The two companies revealed that they are now working together to provide an AI-focused server that runs models—not trains them—using Qualcomm’s Cloud AI 100 Ultra AI inferencing chips and Ampere’s CPUs.
Ampere, like all other chip makers, wants to cash in on the AI wave. Though it can use the Arm IP to add some of these features to its chips, the company’s focus has always been on quick and power-efficient server processors, so it’s not really a core skill. Ampere chose to collaborate with Qualcomm Arm.
Arm CTO Jeff Wittich said, “The idea here is that while I’ll show you some great performance for Ampere CPUs running AI inferencing on just the CPUs, if you want to scale out to even bigger models—multi-100 billion parameter models, for instance—just like all the other workloads, AI isn’t one size fits all.
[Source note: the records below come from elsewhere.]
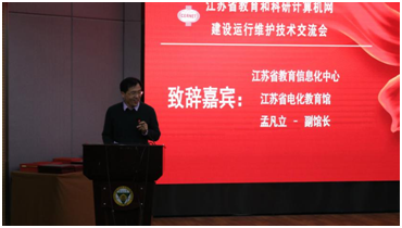 江蘇省教育信息化中心、江蘇省電化教育館孟凡立副館長(zhǎng)在會(huì)上介紹了2019年省網(wǎng)建設(shè)工作情況。
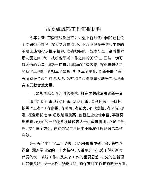 市委统战部工作汇报材料 2024-10-21 Word模板 80 购买前,请一定要先点击这里看看,欢迎持续关注,精彩模板每天推送 预览结束,本文件为word文档,一共5页,共2056字,请购买后,下载后查看 购买前,请一定要先点击这里看看,欢迎持续关注,精彩模板每天推送 资源下载下载价格29 RMBVIP免费升级VIP点击检测网盘有效后购买有任何充值和下载问题请加微信:xuexixuexi66 0 总结汇报
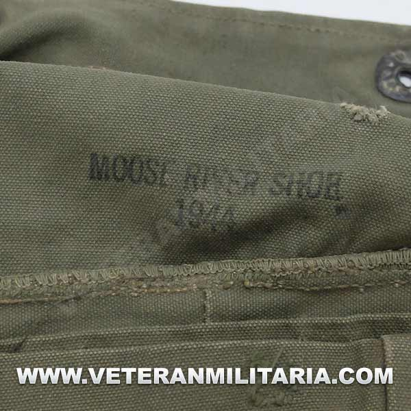 Bolsa de transporte para los proyectiles del bazooka, marcajes de fabricante MOOSE RIVER SHOEL 1944.
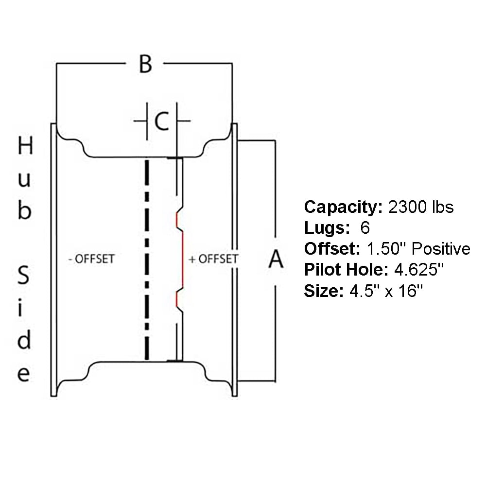 - Size: 4.5″ x 16″ — Offset: 1.50″ Positive — Pilot Hole: 4.625″

We’ve been working with Qualcomm on this solution, combining our super efficient Ampere CPUs to do a lot of the general purpose tasks that you’re running in conjunction with inferencing, and then using their really efficient cards, we’ve got a server-level solution.”
Ampere has included Qualcomm’s cooperation in its annual roadmap update. The new AmpereOne chip, with 256 cores and a current 3nm manufacturing process, is a component of that strategy. Although it believes the new chips are ready at the fab and should launch later in 2024, as the chips are not yet widely accessible in the market.
In addition to the extra cores, the 12-channel DDR5 RAM in the new generation of AmpereOne chips is what sets them apart and enables Ampere’s data center clients to better customize their users’ memory access based on their requirements.